Attack traffic up by 32% in 2018
New research from cyber security provider F-Secure reports a significant increase in attack traffic in the latter half of 2018. But, while attacks are increasing, it seems many companies are struggling with incident detection.
Attack traffic observed by F-Secure's network of decoy honeypots in 2018 increased by 32% over the previous year, and increased fourfold in the latter half of 2018 compared with the first half of the year.
Recent survey data suggests many companies may not have the visibility they need to catch attacks that make it past preventative measures like firewalls and endpoint protection. F-Secure's survey* found 22% of companies did not detect a single attack in a 12-month period. Twenty percent of respondents detected a single attack during that timeframe, and 31% detected two to five attacks.
For perspective, F-Secure's detection and response solutions detected 15 threats in a single month at a company with 1 300 endpoints** and seven threats in a single month at a company with 325 endpoints***. Roughly one-third of F-Secure's survey respondents indicated they were using a detection and response solution or service.
None of these trends surprise F-Secure Vice-President of Cyber Security Products Research & Development Leszek Tasiemski.
"Today's threats are completely different from 10 or even five years ago. Preventative measures and strategies won't stop everything anymore, so I've no doubt that many of the companies surveyed don't have a full picture of what's going on with their security," Tasiemski said. "Many organisations don't really value security until an incident threatens to cost them a lot of money, so I'm not completely surprised that there are companies detecting zero attacks over the course of a year."

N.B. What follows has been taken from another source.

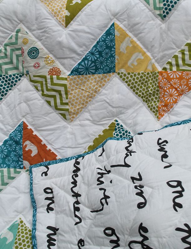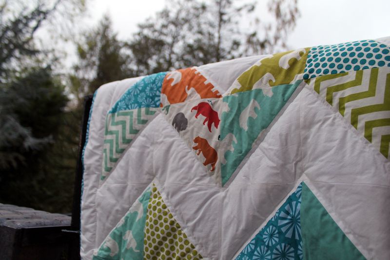 Gequiltet wurde in Zick-Zack-Linien entlang des Musters.

Additional highlights in F-Secure's research include:
* Telnet was the most commonly targeted TCP port, which is likely the result of increasing numbers of compromised Internet of things (IOT) devices searching for additional vulnerable devices.
* Companies working in finance and ICT detected the most attacks, while organisations in healthcare and manufacturing detected the fewest.
* The largest source and destination of observed attack traffic were US-based IP addresses.
* Nginx was the most popular source of Web-based attacks.
"Organisations that run detection and response solutions tend to have a better understanding of what should and shouldn't be done, both to prepare against attacks and in the event of an attack taking place," comments Grant Chapman, MD of local F-Secure Distributor CyberVision. "Not only does F-Secure's RDR provide visibility into a network's attack surface to identify vulnerabilities and help put measures in place to ensure that most of the standard attacks get blocked, but it also suggests preventative measures that need to be taken to protect a network further," he adds.
Incident detection and response are fundamental in maintaining a healthy security strategy in any organisation, the majority of which usually take months or even years to figure out that they have indeed already been breached. This is one of the compelling reasons as to why organisations need to shift their focus from trying to prevent all the possible threats out there to detecting and stopping the incidents that are bypassing their basic protection.
F-Secure's Rapid Detection & Response (RDR) is a dedicated incident detection and response solution that has been configured by F-Secure to only collect events related to potential threats. The F-Secure RDR solution includes lightweight intrusion detection sensors for endpoints, networks and decoy servers that are deployed across an organisation's IT infrastructure. The sensors monitor activities initiated by the attackers and stream all the information to F-Secure's cloud in real-time.